Scripture: "Begging us with much urging for the favor of participation in the support of the saints." 2 Corinthians 8:4

Observation: There is something magical in the grace of God being poured out on a people. It defies logic. It is compelling. People are drawn to it. What was taking place in the church of Macedonia is beyond all belief.

Application: My dad always told me that you can never push a rope. The older I get the more wisdom I see in that statement. I know that to be true. Experience has proven it. Yet, I often find myself feeling like that is what I do for a living. I push ropes. Or try to. Most of the time this leaves me feeling like I failed. It creates inside of me an overwhelming sense of frustration that often leads to anger. I study. I regroup. I will buy resources designed to help me get better at leading people through the basics of leadership and execution. But I wonder; how would my life differ if I stopped trying to push the ropes?

When I read about the church in Macedonia, I am amazed.
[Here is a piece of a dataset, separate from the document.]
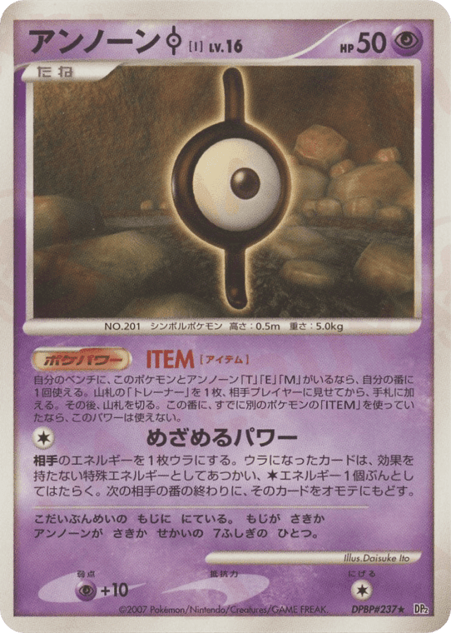 Once during your turn (before your attack), if you have Unown I, Unown T, Unown E, and Unown M on your Bench, you may search your deck for a Trainer card, show it to your opponent, and put it into your hand. Shuffle your deck afterward. You can't use more than 1 ITEM Poké-Power each turn.
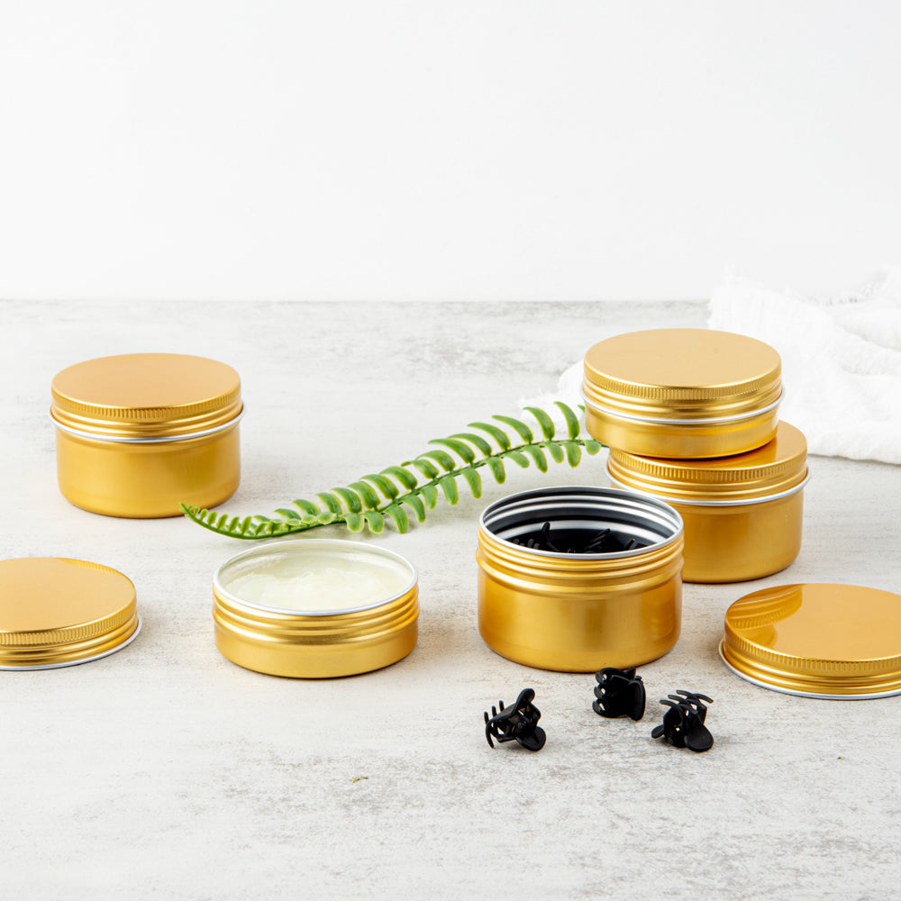 4 OZ ROUND GOLD TIN CONTAINER - WITH SCREW LID

There are no ropes. People are moving beyond what has been asked of expected of them. I love the thought of what Paul has seen. They are approaching him. Begging him to let them participate. Not because of anything Paul has done, but because so great is the outpouring of God's grace and their personal connection with His favor.

Prayer: I have heard it said many times that I can do nothing on my own. It is a saying that reverberates through churches the world over. It is a statement that I totally disagree with. I can do a lot on my own. I can create things. I can push things. I can will something into existence. I can force my hand. I have seen me do this many times. But there is something that I can't do. I can never create a movement of Your spirit. When I read stories like this one in 2 Corinthians I am reminded of just how great You are. I realize just how desperately I need You. I seek Your Grace this morning. The list of things on which I am working is long and I need to confess to You this morning that I am engaging my flesh and my own wisdom more than I am seeking an outpouring of Your grace on the people I serve. I pray that You reveal to me the discernment I need to find the balance between joining You in a work with the gifts that you have provided me and using the gifts that You have provided to create a work. I am tried of creating works. Instead, I am ready to experience Your favor in a way I have never seen.